Riitano cites his success as manager of the Matera bid, in which he claims
the cultural and creative sector grew by 7%, compared with the national figure of 4.9%, start-ups rose by 18% and there was a boost to the economy
thanks to a 7.6% increase in tourism. But according to People, Place and Policy, an independent forum for debate on the challenges faced by contemporary society, while it is true that the ancient cave dwellings in the Unesco World Heritage site of Sassi di Matera have been restored, many traditional dwellers have abandoned their homes, which are being replaced
by hotels, B&Bs, souvenir shops and restaurants. The forum concluded that the abandonment of the historical city has helped to undermine the identity of the place.

This is the risk facing Procida and one understood by Michele Spinelli, owner of the quayside restaurant Pagnotta in the port of Marina Grande. He has seen how tourism has been encouraged and grown over the past 10 years despite the fact that many locals were suspicious that visitors from such as Germany and France were, as he put it, polluting the place. He does not want to see the same mistakes made by Ischia and Capri, where people come for the day, have an ice cream and return to Naples.

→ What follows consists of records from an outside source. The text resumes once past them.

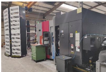
OKK HMC 500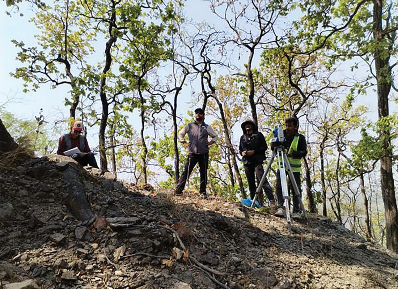
An engineering survey conducted on temporary access tracks required to construct tower pads along the transmission line route.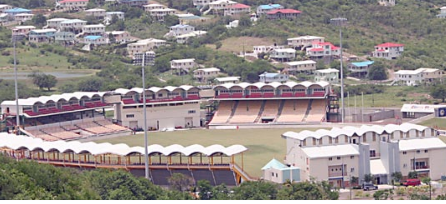
The Beausejour Cricket Ground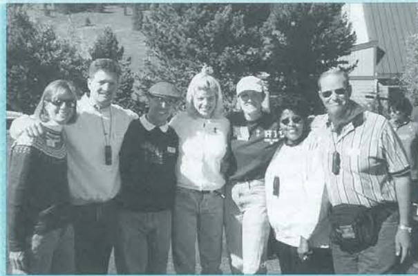
New friendships were formed.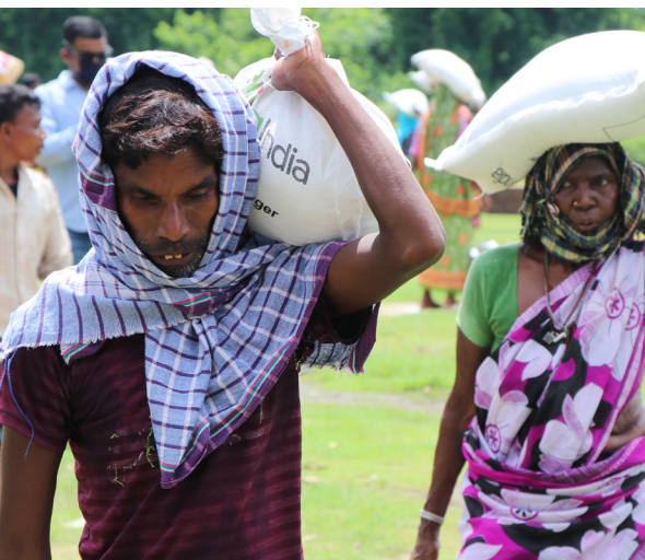
Zomato Feeding India launched a campaign to provide relief to daily wagers immediately after the government of India imposed the COVID-19 lockdown.

In an effort to support Zomato Feeding India's massive scaling effort, GFN provided targeted technical assistance to expand food banking beyond prepared foods to shelf-stable products, established a new inventory management system, and ensured sustainable operational procedures to accommodate future growth. Since March 24, FTDW has raised $4.4 million and expanded service to distribute 78.6 million meals across 181 cities nationwide.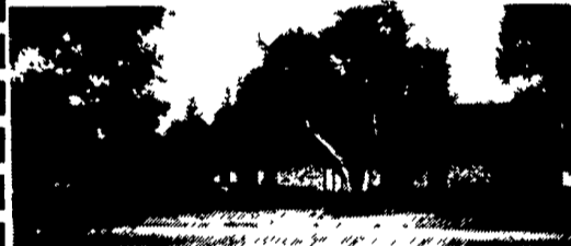
Penn Township, Selinsgrove, PA

BEAUTIFUL STONE HOME IN PRIVATE COUNTRY SETTING ON 8+ ACRES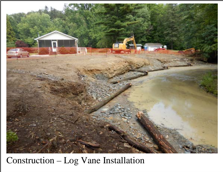
Construction – Log Vane Installation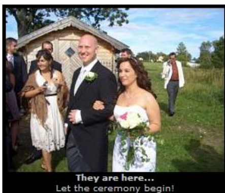
They are here... Let the ceremony begin!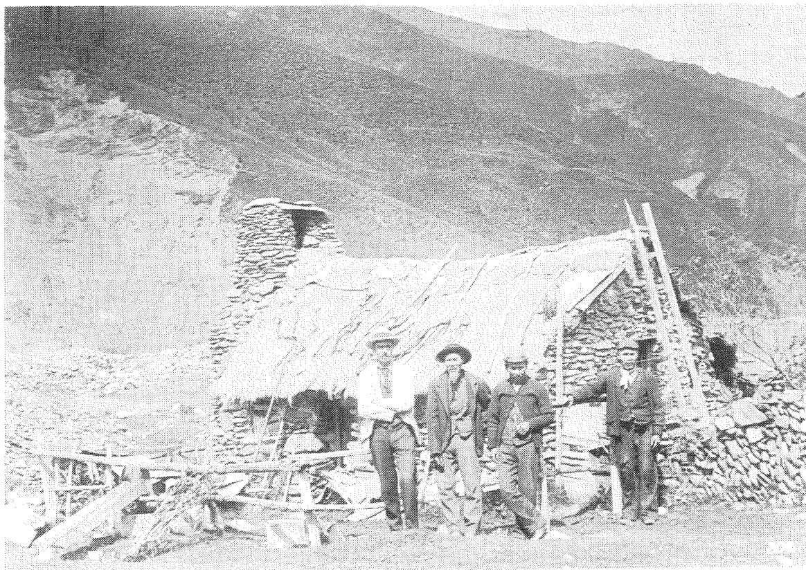
Fig. 3: Typical Chinese dwelling at Macetown (Arrow River), with the Reverend Don and occupants. Note peach tree at right of dwelling.

consuming sardines, bread, bottled fruits, pork and even the plebeian mutton chops, with Old Tom (brandy) to wash it down'. 45 Don listed mutton among a number of foods which were used by the Chinese miners. 46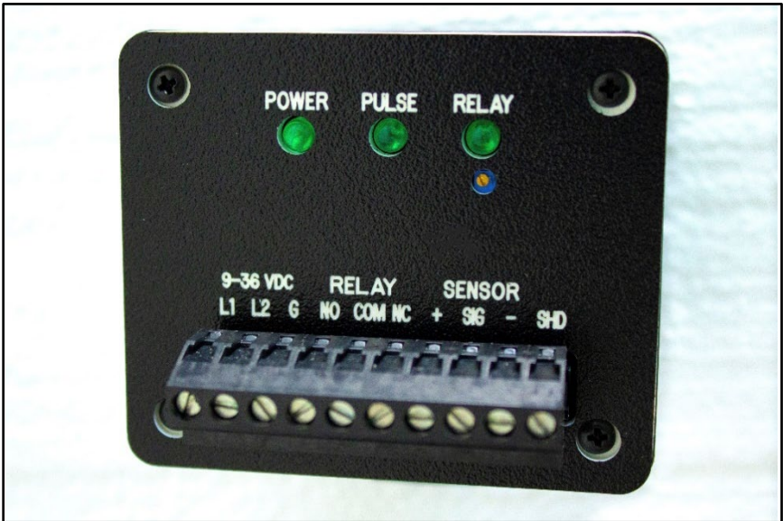
Figure 2. Indicators and Terminal Block (ZS10-D Shown)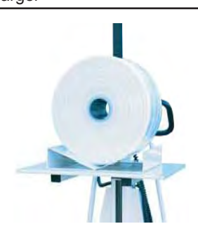
Attachment A-1 is used for rolls or coils that require lifting from underneath. Ideal for placing rolls on and off a shaft.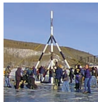
Fig. 1. Townspeople of Nenana, Alaska, raise the tripod on the frozen Tenana River, 4 March 2001.

nana and Fairbanks, Alaska (90 km away). Climatic data for January to April (the months preceding ice breakup) of each year obtained from the Western Regional Climate Center (5) included daily precipitation (PCPN), snowfall (SNFL), and air temperature minima (TMIN) and maxima (TMAX). Years in which any month had fewer than 15 days of data were removed from analysis, leaving 32 to 35 years of data for the Nenana records and 47 to 51 years for the Fairbanks records. Heat-island effects due to urbanization and movement of the weather station may affect the Fairbanks record. By con-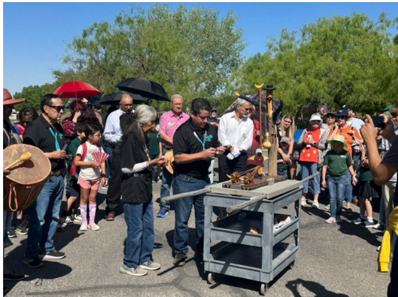
Blessing of the Fields ceremony, May 2023

The New Mexico Farm & Ranch Heritage Museum connects to and interacts with diverse communities through exhibitions, programming, and tours for the people of New Mexico and the state's many visitors.

But he says: “The year of culture is run by Procida people so hopefully they won’t be selling homes or land to outsiders and we can keep our identity.”

As he whizzes up a dish of deep-fried anchovies or fresh whitebait, it is
unlikely that Signor Spinelli spares a thought for Tom Ripley’s rumination in The Talented Mr Ripley: “Don’t you just take the past and put it in a room in a basement and lock the door and never go in there?”

Like it or not, the past has been unlocked. Despite the almost defiant talk of preserving the island’s integrity, one of the aims of the year is to create at least 25 new enterprises in the tourist sector, proof, if any were needed, that the past is now colliding with the commercial imperatives of the 21st century.

The fate of this utopia is hanging in the balance.